This study demonstrates that axotomy of cultured A. californica neurons leads to rapid reorganization of the MT skeleton at the tip of the transected axon to form two distinct vesicle traps (Fig. 8). These include a proximal trap (the plus end trap), which is located some 50–150 μm from the reformed axonal end, and a distal trap (the minus end trap), which is situated in between the proximal trap and the reformed end (Fig. 8). The plus end trap concentrates vesicles that are anterogradely transported along MT tracks by plus end–directed molecular motors and sends away cargo that is driven by minus end–directed motors. The minus end trap retains retrogradely transported vesicles and sends away cargo that is driven by plus end–directed motors.

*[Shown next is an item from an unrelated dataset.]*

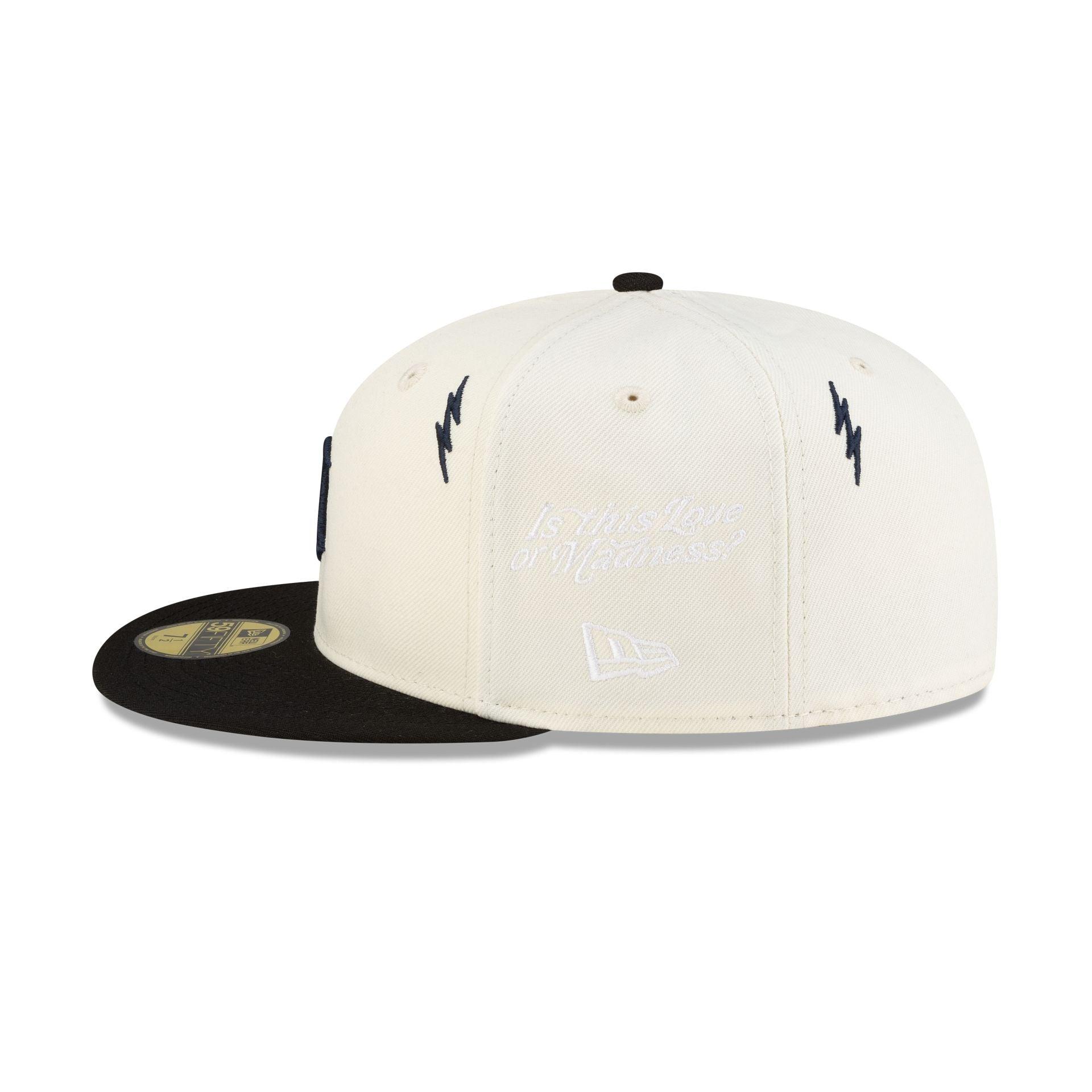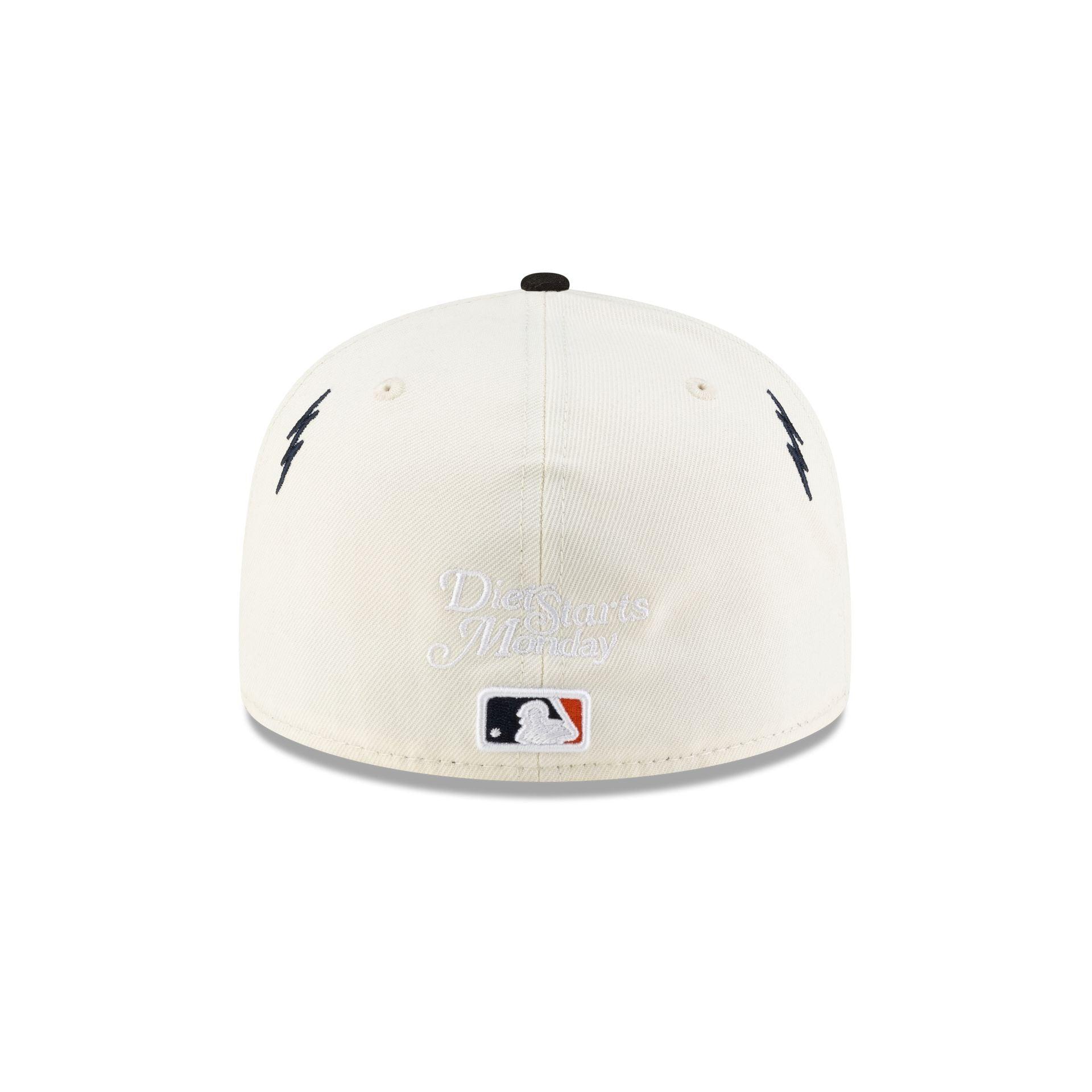 The Diet Starts Monday x Detroit Tigers Lightening Bolts 59FIFTY Fitted Cap features an embroidered Tigers wordmark and lightening bolts at the front panels with a "Is this Love or Madness?" wordmark at the left-wear side. Additional details include a 1984 World Series patch at the right-wear side, a Diet Starts Monday logo above an MLB Batterman logo at the rear, and a gray undervisor.

The efficient concentration of Golgi-derived vesicles that fuse with the plasma membrane enables the extension of a GC's lamellipodium from the GCOC. When the supply of Golgi-derived vesicles is interrupted, a GC lamellipodium is not formed (Fig. 7). The retention of retrogradely transported vesicles by the minus end trap at the DZ (Spira et al., 2003; Sahly et al., 2006) and the concentration of anterogradely transported vesicles by the plus end trap at the GCOC may serve to prevent mixing of freshly supplied vesicles and retrieved vesicles. Thus, formation of the traps enables the neuron to locally allocate membrane resources for the effective extension of a GC lamellipodium after axotomy on a general background of a quantitatively dominating membrane retrieval regime (Ashery et al., 1996). In summary, the formation of MT-based vesicle traps optimizes growth processes by sorting and concentrating Golgi-derived membrane resources at a restricted site in the cut axon.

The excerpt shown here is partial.